The personal emotional threat he represented to Ellie was like a hovering menace that rattled her peace of mind and all that she had worked so hard for, and she sucked in a steadying breath. Seeing his military-cut fair hair and still-chiselled features, her initial assessment of his appearance was that the intervening years had been kind to Nikolai Golitsyn…but the bitterness edging his mouth and the cheekbones that slanted like cruel gashes in his face told a different story.
‘Elizabeth.’
The ice-blue eyes narrowed searchingly, and Ellie sensed the piercing, laser-like quality of them, feeling a helpless shiver of disquiet and fear down her back.
‘I prefer to be called Ellie these days.’ She sounded defensive, and more than a little scared, and she couldn’t help but despise herself for it. Where was her training when she needed it?
‘I am sure you do.’ The Russian’s lip curled cynically. ‘I am sure you would have preferred to remain anonymous for the rest of your life as far as I am concerned— but you should have known that was never going to be remotely possible. And you have helped my case considerably by putting yourself in the public eye. I confess my surprise that you did so, but perhaps you grew too confident that I would have given up my search for you a long time ago? If that it is true then you have only yourself to blame for your arrogance!’
The compelling face before her hardened like a glacier, and Ellie’s stomach plunged like a stone. By now she had hoped to be enjoying a long hot bath in her suite, mulling over the day and the two new clients she had acquired for the programme. Not coming face to face for the first time in five years with the man who had caused her to flee the city she’d grown up in because he’d blamed her for causing his brother’s death!
Her throat felt dry as scorched earth, and Ellie longed for a glass of cool water to ease the discomfort. ‘I have nothing to either hide or run away from any more!’ she declared. ‘The only reason I left like I did was because my father was concerned about me. He wanted to take me to a place where I could properly recover from my injuries and recuperate!’

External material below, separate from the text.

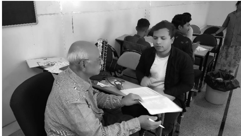
Member came for the blood donation were taking information from the student

Description: A blood donation camp was organised by the Shreyarth College of Nursing in association with HDFC bank.

‘I do not believe that was the only reason you disappeared as you did. Otherwise why the change of name—Dr Lyons?’ Stating her name—her new name—with ironic disdain, Nikolai walked towards her.
Ellie froze, no longer wishing for a cool drink but instead for some benevolent divine force to intercede and suddenly make her invisible. But disappearing was only ever going to be a temporary reprieve. She’d always known that. Much better to stand and confront her demons no matter how intimidating they were!
Garnering all her courage, she schooled herself not to show fear—but it wasn’t easy. Even five years ago—his hair fashionably longer, and the skin across his sculpted features more relaxed, less stretched and spare—Nikolai Golitsyn had made her wary. There’d been something about him…something provocative, enigmatic and powerful…that had made her muscles clench with tension whenever she’d found herself in his company. His brother Sasha had once goaded Ellie with his assertion that Nikolai had a ruthless streak that would shock her to her bones, should she ever have cause to anger him, and that forgiveness just wasn’t part of his make-up. Once you got on the wrong side of him…look out!
But then Sasha would have said that. He had always been jealous of his more successful, enigmatic older brother. His own easy charm had won him many friends, but Nikolai’s dependable solidity and hardworking ethic won him the respect and admiration that the younger man had craved. Ellie had learned that from day one in her role as nanny to Sasha and her sister Jackie’s baby girl, in the imposing Park Lane house where she had agreed to live after Jackie had died in childbirth.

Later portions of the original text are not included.